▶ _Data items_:
■ ■ ■ ■ ■ ■ ■
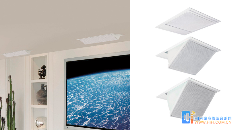 KEF 电动Ci扬声器系列可在非工作时与天花板齐平,使之成为家庭影院之首选,尤其可搭配电动屏幕构成全自动系统。
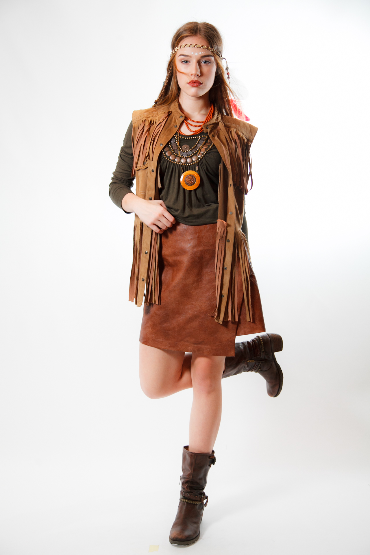 Жилет: Замшевий жилет пісочного кольору з масивним коміром та довгою бахромою по всьому периметру, що додає образу характерного ковбойського шику.
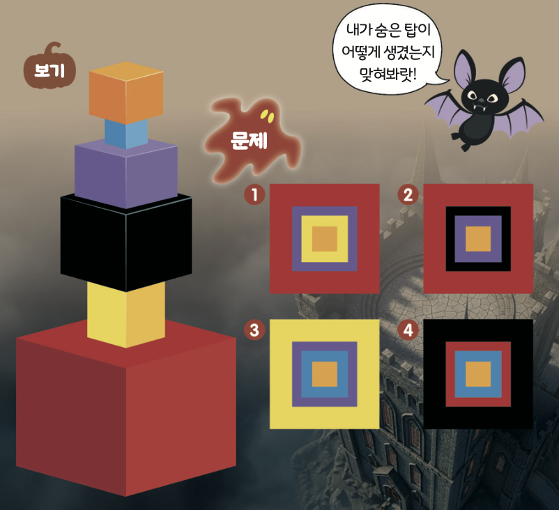 박쥐가 <보기>의 탑에 숨어 있어요. 탑을 자세히 관찰하고 위에서 내려다봤을 때 어떤 모습일지 알맞은 번호를 고르세요.
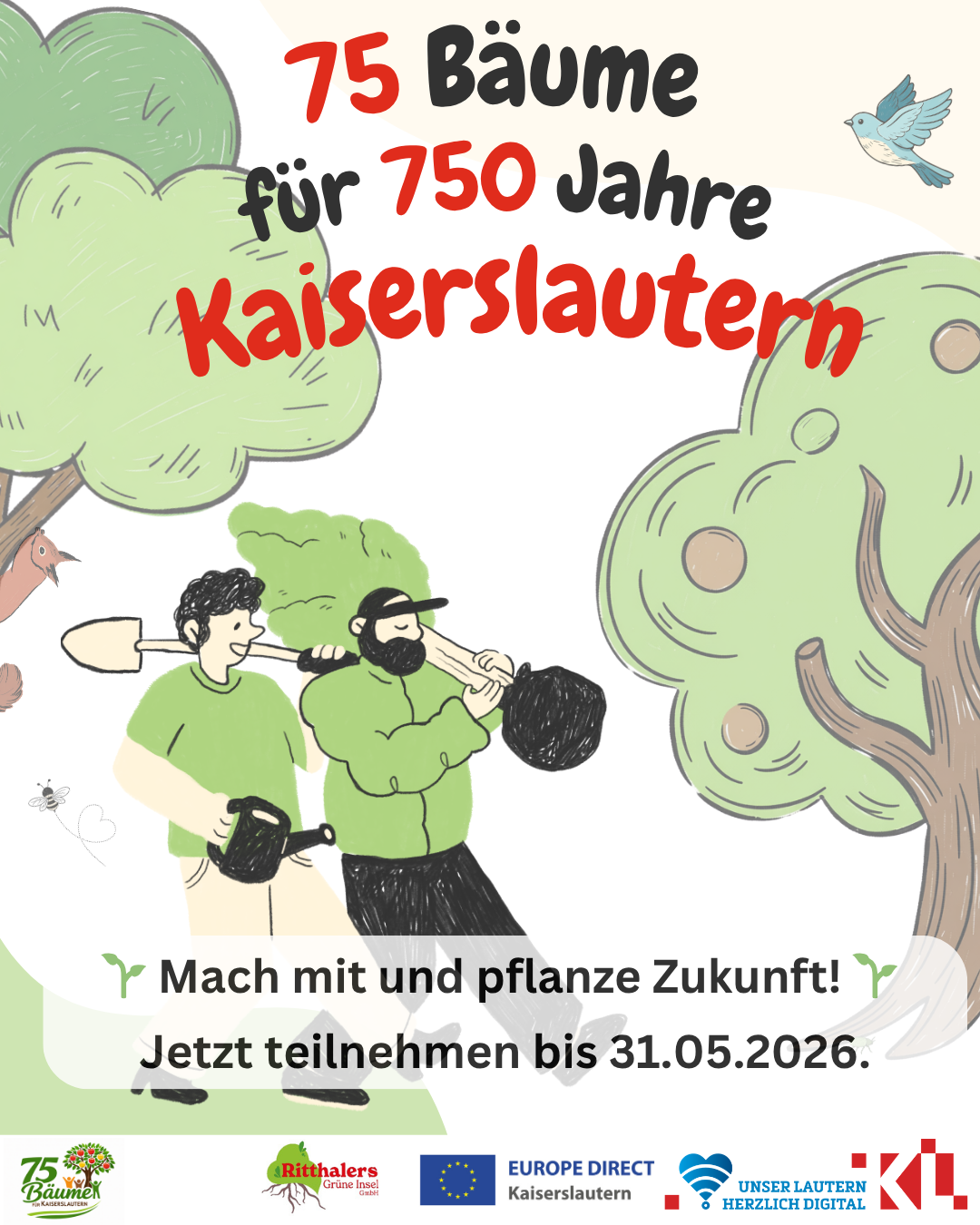 Zum Tag des Baumes am 25. April beginnt in Kaiserslautern die Aktion „75 Bäume für 750 Jahre Kaiserslautern“. Gemeinsam setzen das EUROPE DIRECT Kaiserslautern, die KL.digital GmbH i. L. und das Referat Umweltschutz der Stadt zum Stadtjubiläum ein sichtbares Zeichen für Klimaschutz, Biodiversität und bürgerschaftliches Engagement.
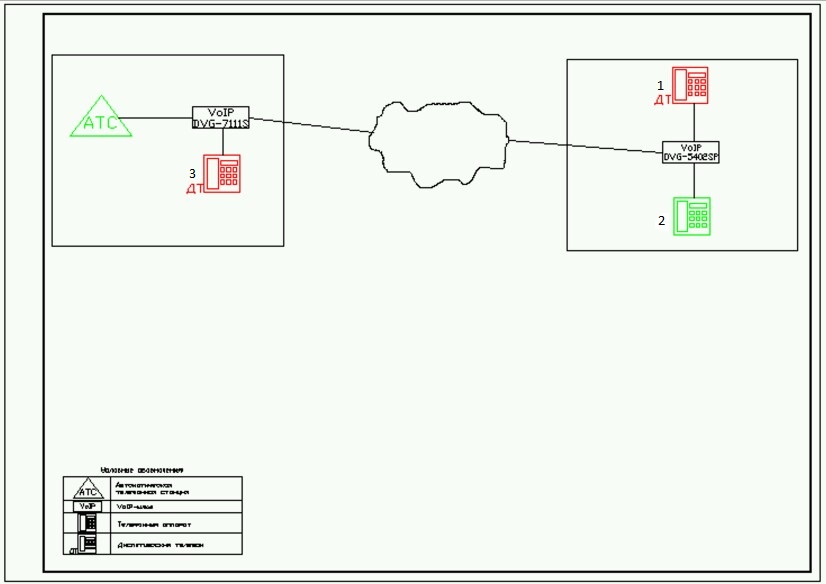 Добрый день! Хочу перестраховаться и узнать точно ли возможно задуманное. Есть два шлюза, 7111s и 5402sp, соеденены по схеме точка-точка. К 5402 подкючены два телефонных аппарата, на схеме красный аппарат 1 диспетчерский, 2 зеленый номерной. На втором шлюзе 7111s k fxs подключен телефонный аппарат 3(тоже диспетчерский), к FXO выход на АТС (выделено зеленым). Задача выдать линию с АТС на 2-й аппрарат (зеленый) и сделать двухстороннюю диспетчерскую связь между первым и третьим аппаратами. С этими шлюзами это возможно?
■ ■ ■ ■ ■ ■ ■
▶ _Work to complete_:
All of the entries must be reproduced exactly, apart from the pictures, which are to be dropped.

▶ _Answer to the problem_:
 KEF 电动Ci扬声器系列可在非工作时与天花板齐平,使之成为家庭影院之首选,尤其可搭配电动屏幕构成全自动系统。
 Жилет: Замшевий жилет пісочного кольору з масивним коміром та довгою бахромою по всьому периметру, що додає образу характерного ковбойського шику.
 박쥐가 <보기>의 탑에 숨어 있어요. 탑을 자세히 관찰하고 위에서 내려다봤을 때 어떤 모습일지 알맞은 번호를 고르세요.
 Zum Tag des Baumes am 25. April beginnt in Kaiserslautern die Aktion „75 Bäume für 750 Jahre Kaiserslautern“. Gemeinsam setzen das EUROPE DIRECT Kaiserslautern, die KL.digital GmbH i. L. und das Referat Umweltschutz der Stadt zum Stadtjubiläum ein sichtbares Zeichen für Klimaschutz, Biodiversität und bürgerschaftliches Engagement.
 Добрый день! Хочу перестраховаться и узнать точно ли возможно задуманное. Есть два шлюза, 7111s и 5402sp, соеденены по схеме точка-точка. К 5402 подкючены два телефонных аппарата, на схеме красный аппарат 1 диспетчерский, 2 зеленый номерной. На втором шлюзе 7111s k fxs подключен телефонный аппарат 3(тоже диспетчерский), к FXO выход на АТС (выделено зеленым). Задача выдать линию с АТС на 2-й аппрарат (зеленый) и сделать двухстороннюю диспетчерскую связь между первым и третьим аппаратами. С этими шлюзами это возможно?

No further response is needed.